At the recovery, chronic and residential centres it is possible to suggest the same criteria as that for the control of the evolution of the hospitalized patients. This could even be applicable in the case of patients treated at home. In these cases the use of such a useful tool would definitely be of great help for the Medical Doctor, who could easily incorporate it to the existing IT Clinical system already used for the care and control of these patients. This would be facilitated considering the fact that it consists of a simple and efficient screening system for the control of undernutrition/trophopathy and the alterations related to it; it is highly possible for this condition to be already present in a vast proportion of the ill or already weak population of advanced age or particularly vulnerable conditions that are affecting their vitality.

In order to guarantee a good control of the clinical course in these cases, with the use of an automated screening system and unless any clinical changes may appear, there is no need (in the absence of an alert) to insist on the usual protocols which are intended for a full nutritional assessment (FNA).

The ageing process

Ageing is an issue that we consider requires special discussion in our field of interest, as it is clearly a rising demographic problem nowadays.

There are three main conditions behind this situation: a high prevalence of undernutrition among the elderly, an increased age of the hospitalized patientslix and a rising number of people residing in assistential homes and long stay centres60-62.

These facts in addition to the higher risk involved in CU during old age63-66 have determined the possibility of adjusting the results of the nutritional screening which we had designed for adult population in general.
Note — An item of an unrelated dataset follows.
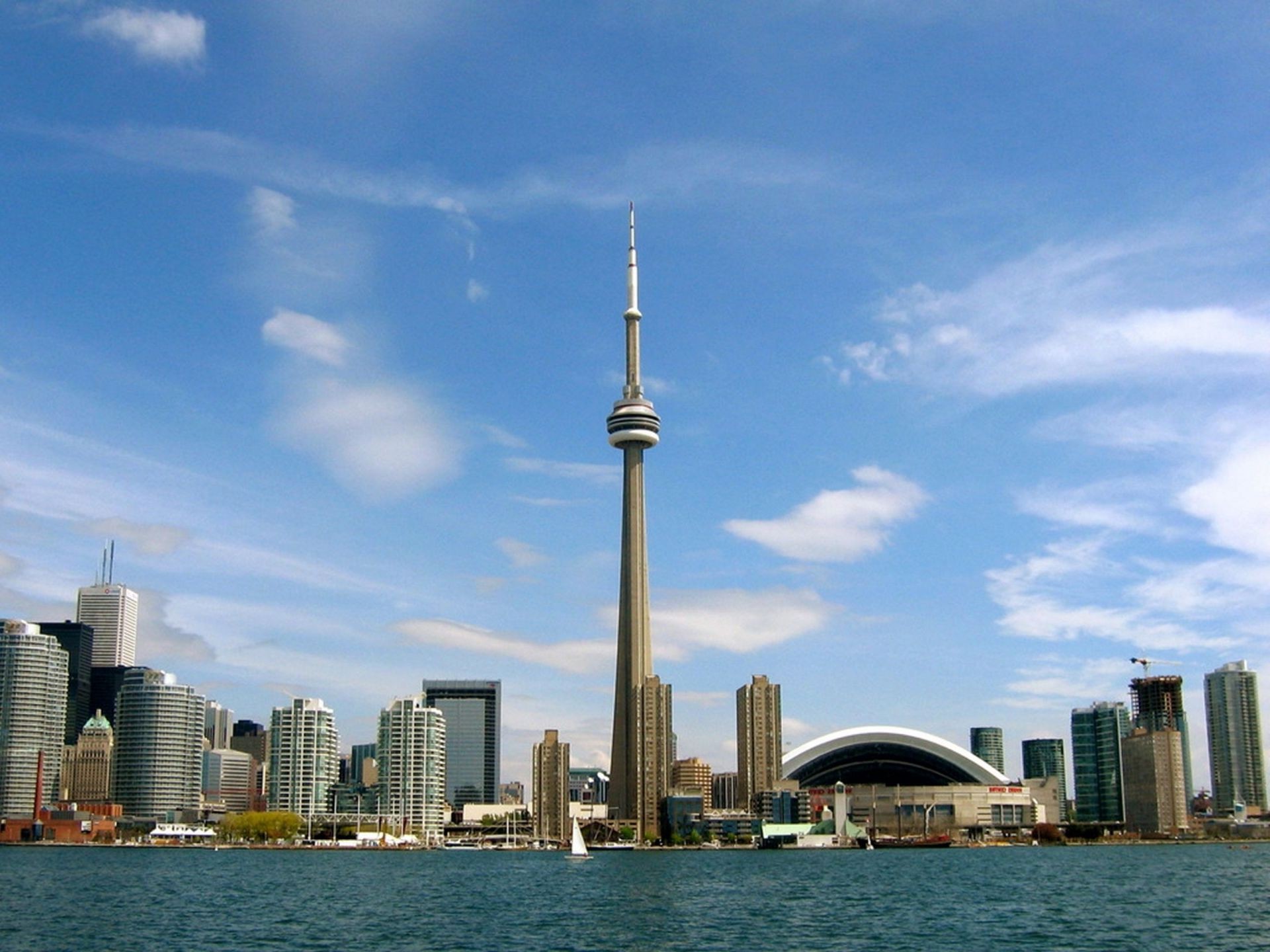 I grattacieli si riflettono nell'acqua alla luce della Luna
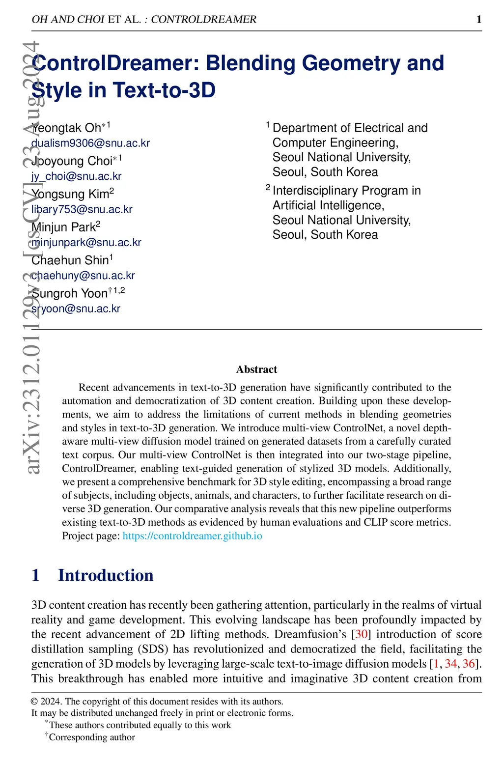 Recent advancements in text-to-3D generation have significantly contributed to the automation and democratization of 3D content creation. Building upon these developments, we aim to address the limitations of current methods in generating 3D models with creative geometry and styles. We introduce multi-view ControlNet, a novel depth-aware multi-view diffusion model trained on generated datasets from a carefully curated text corpus. Our multi-view ControlNet is then integrated into our two-stage pipeline, ControlDreamer, enabling text-guided generation of stylized 3D models. Additionally, we present a comprehensive benchmark for 3D style editing, encompassing a broad range of subjects, including objects, animals, and characters, to further facilitate research on diverse 3D generation. Our comparative analysis reveals that this new pipeline outperforms existing text-to-3D methods as evidenced by human evaluations and CLIP score metrics.

We tried to do so by using a correcting factor that took into account the age of the treated patient, to be applied during Phase I of CONUT, automatically issued by the IT system from the lab.

The aforementioned retrospective study52, was carried out with 25.586 patients admitted at La Princesa Hospital of Madrid during the last couple of years. All patients who presented (at the moment of and during the first days of admittance) all the analytical data required for the nutritional screeening were included in the study.

Figures 2, 3 and 4 represent graphically how these three analytical parameters changed and the results obtained in each of the six age categories that were established among all the registered cases, starting from teenage period. In figure 5 is can be appreciated a rise of nutritional alert as a result of processing of these parameters.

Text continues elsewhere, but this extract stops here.